I attended a parent-teacher conference this morning. The parent expressed the agony of her heart as she watched her child, gifted with high ability, squander his opportunities for good grades by failing to turn in assignments. The student's grades were of the 100, 0, 0, 100, 0, 0, 0 variety. The teacher agreed, lamenting the fact that this student seemed unfazed by the lowering of grades as each missing assignment was recorded. The teacher stated that she had allowed the grade reach an F to see if this would provide a wake-up call to the student. The mother thanked her and assured her that the F, plus removal of the student's computer and phone privileges, had seemed to have a positive effect. It was a good meeting--neither party was angry or abusive of the other. Both parties had the student's best interests in mind. The teacher expressed a genuine regard for the student. The mother left the meeting armed with some information (assignment dates) to help her keep her child on track. I wish all parent meetings went so well, but I can't be the parent at all of them as I was at this one.

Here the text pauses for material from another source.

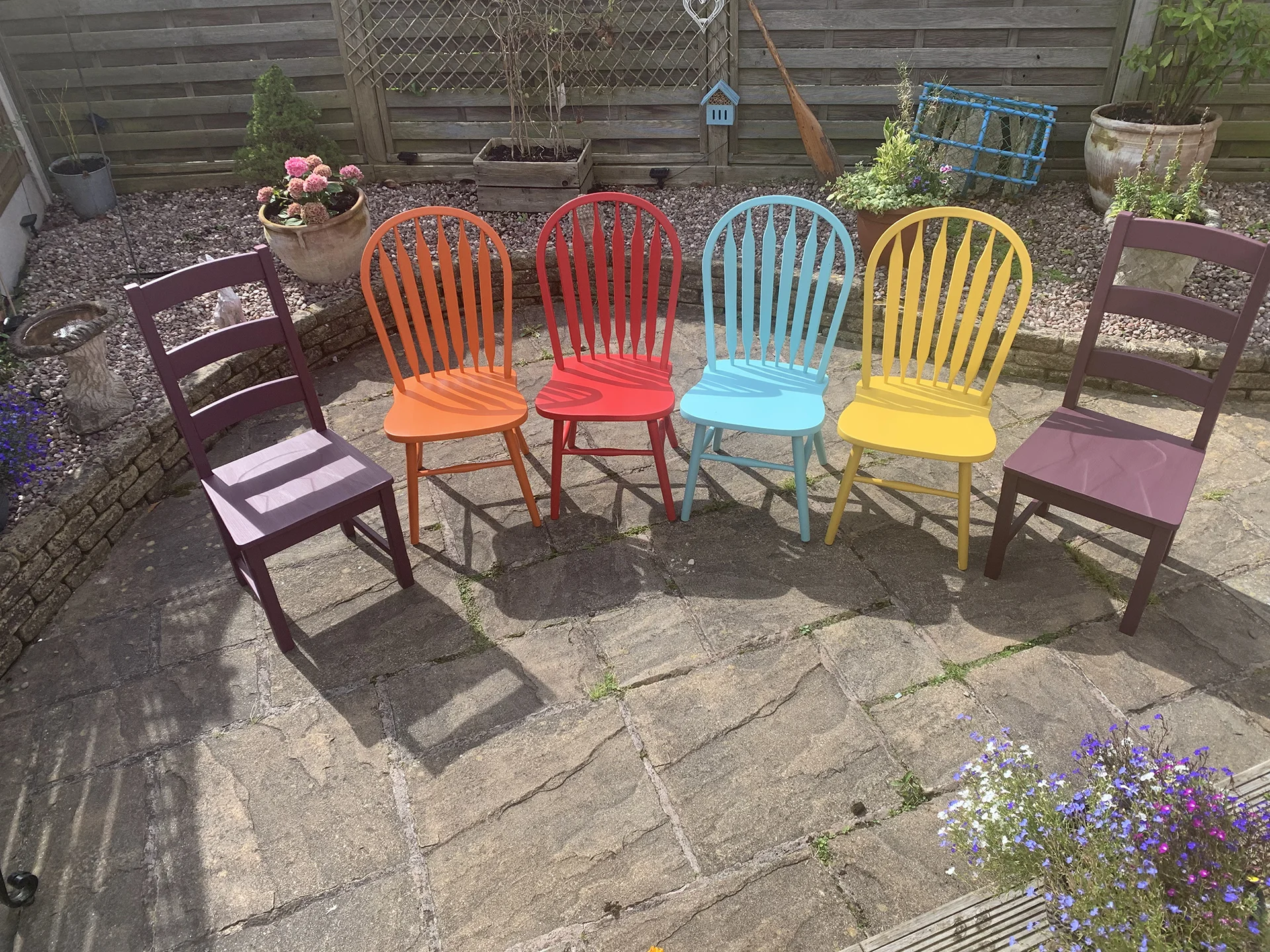 We followed our usual process – gave each chair a proper sand down and clean, then applied one coat of primer and undercoat. After that, three coats of colour to get that lovely rich finish, and finally two coats of clear, hard-wearing varnish to make sure they’ll last for years.

My son, my bright and funny and warm and so gifted with ability that he takes my breath away son, has been not doing his English homework. He has so much ability, but he's a little ADD and a little careless and totally accustomed to having someone (a teacher with a generous late policy) bail him out of sticky grade situations. His teacher does not accept late work. My son has become the Titanic to her iceberg of grade policy, but I think this is fair and something I want for my son. I want him to learn that work has a value, even if he doesn't want to do it because "it's boring". I, a teacher, want him to understand how onerous it is to have to grade late work and that he should respect his teacher enough to not burden her with that job. I don't think we're there yet, but as the restrictions he's under lengthen in time and severity, perhaps he's finally getting the idea. But maybe not.
His teacher has relented a bit and graded 2 late assignments and a late paper. My son's grade is now a low C, but with upcoming tests he should be able to make a low B. An A for the semester is possible if he aces the final. The mother half of my soul is feeling relieved; the teacher half is worried that this reprieve will, once again, send my son the message that there's always a safety net there, waiting for him.